Никакой философской двери нет, но она есть, и открыть её можете только вы — в тот момент, когда не открыть её нельзя. Или закрыть — в тот момент, когда её нельзя не закрыть. Осторожно, двери открываются — или закрываются…
.
Это не я — это моя последняя (свежая) гнусавая запись. Вы позвонили по телефону из объявления. Прослушайте эти мычания и, если не жалко (или если я заслужил… встав на задние лапки?), скажите, пожалуйста, «спасибо» — если вам помогло.
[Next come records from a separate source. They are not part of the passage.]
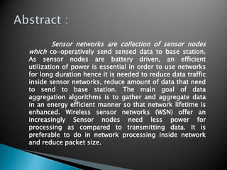 The document discusses data aggregation in wireless sensor networks. It explains that sensor networks aim to gather and aggregate data in an energy efficient manner to extend network lifetime. It describes various data aggregation approaches like centralized, LEACH, and TAG. It also discusses cluster-based and tree-based aggregation where nodes aggregate and transmit data to parent nodes or cluster heads. The document outlines types of queries for sensor networks and benefits of data aggregation in reducing traffic and energy consumption while improving data accuracy.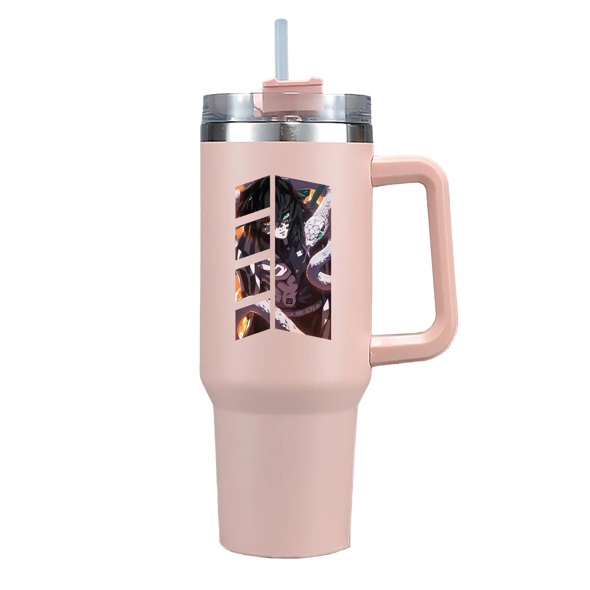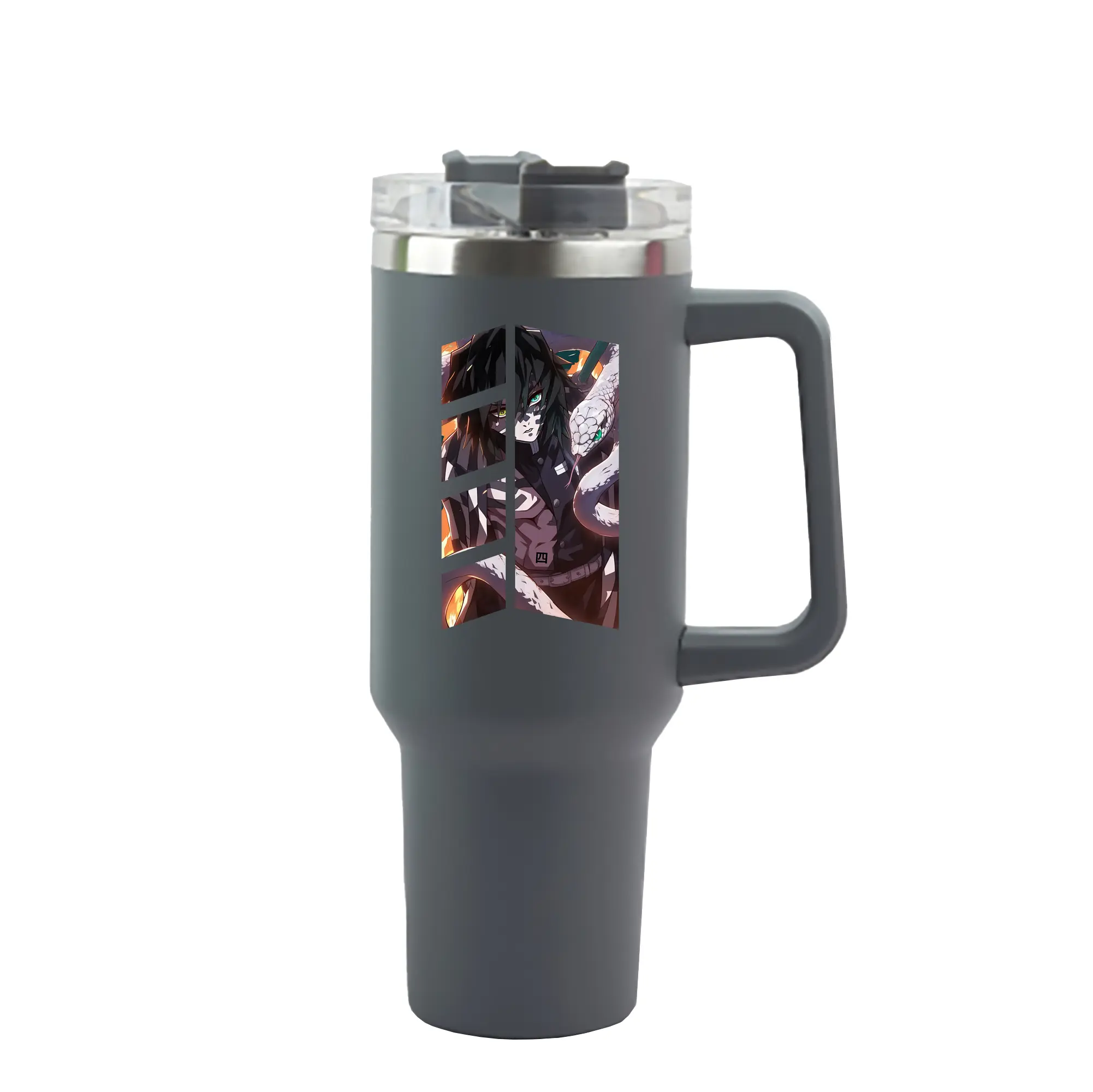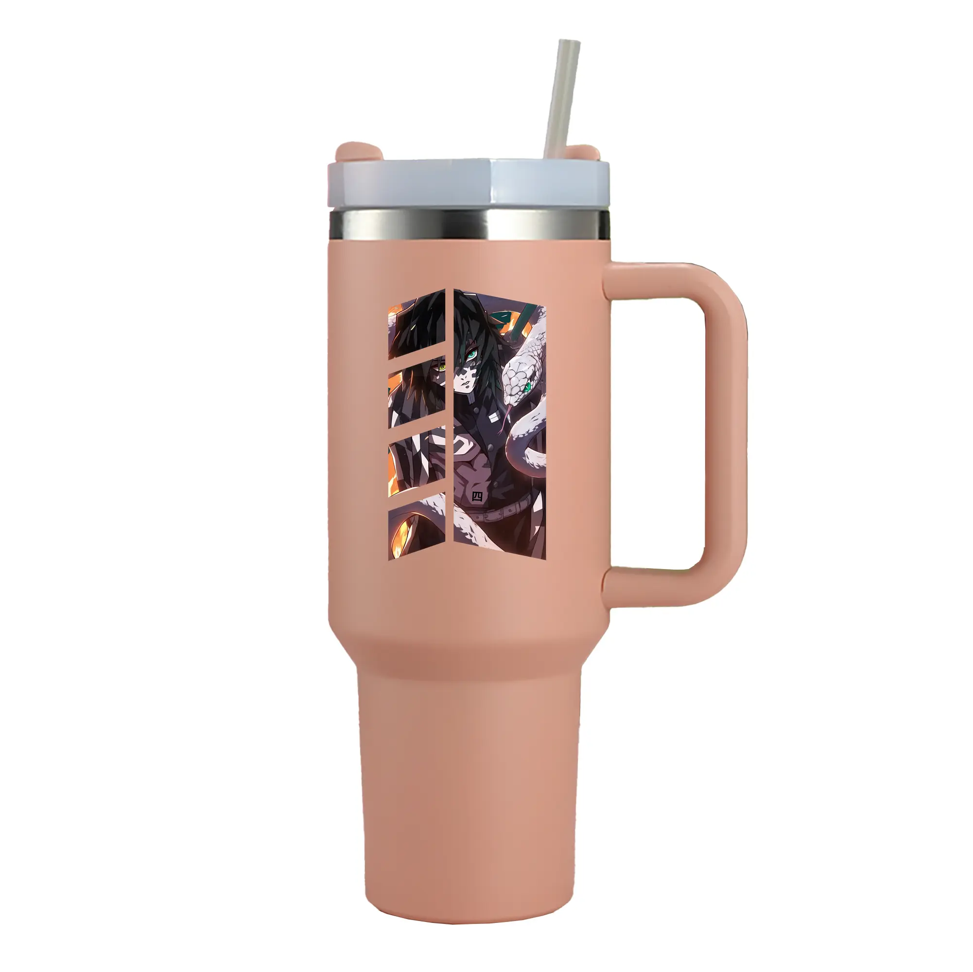鬼滅の刃 グッズ,伊黒 小芭内 - 1200mL 車用タンブラー ・ クリスタルステッカー ・ 304ステンレス 内側 ・ 201ステンレス 外側 ・ 保温 保冷 ・ ハンドル&ストロー付き ・ 通勤 ドライブ アウトドア用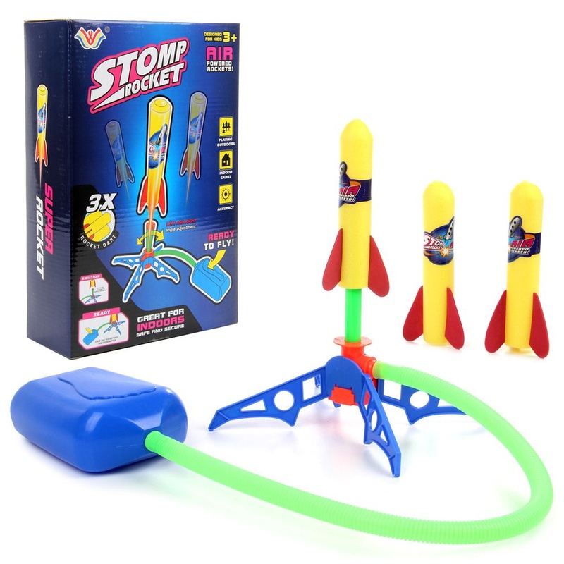 Прекрасный подарок для игра на свежем воздухе. Ракета выполнена из мягкого материала, что позволит избежать неприятных происшествий во время игры. Ракета может улететь на большое расстояние, а направление запуска регулируется, с такой игрушкой отдых на природе станет намного веселее. В комплект входят детали для сборки пусковой установки, 3 ракеты, инструкция. Функционал игрушки: -пусковая установка легко собирается и разбирается; -при нажатии на педаль происходит выстрел; -угол запуска ракеты регулируется. Размеры упаковки: 22*7*31 см. Размеры ракеты: 24*7*6 см. Размеры пусковой установки без педали: 30*30*30 см. Изготовлено из безопасного полимерного материала.

Ваше прослушивание важно для меня; ваше «спасибо» зачем-то продлевает ж. на один д.
А теперь о дверях.
.
…Вам семь лет, вы пришли из школы, в соседней комнате приступ грудной жабы убивает вашу маму, которой чуть за тридцать. Телефона в доме нет. Телефонов-автоматов в новом, ещё строящемся, микрорайоне небольшого пролетарского города нет. Да что там: в городе нет даже автоматов газводы. Скорая помощь, наверное, есть, но далеко. Соседи, как и весь дом, на работе. Крикнуть в окно: «Помогите» — всё равно что выпасть в окно: заметят вечером, если разглядят в сумерках, а заметив, уже не помогут: некому помогать, вы уже ничто, а витающая рядом душа неосязаема, но и она, знайте же, не отказалась бы от припарок. Однако «в дальнем подъезде, — задыхаясь от боли шепчет синими губами мама, — есть бабушка… она работала фельдшером, у неё должна быть камфора, она, я слышала, делает уколы, сходи к ней… правда, я не знаю номера её квартиры… тебе надо спросить у кого-нибудь в их подъезде. Егорушка, мне кажется, я умираю».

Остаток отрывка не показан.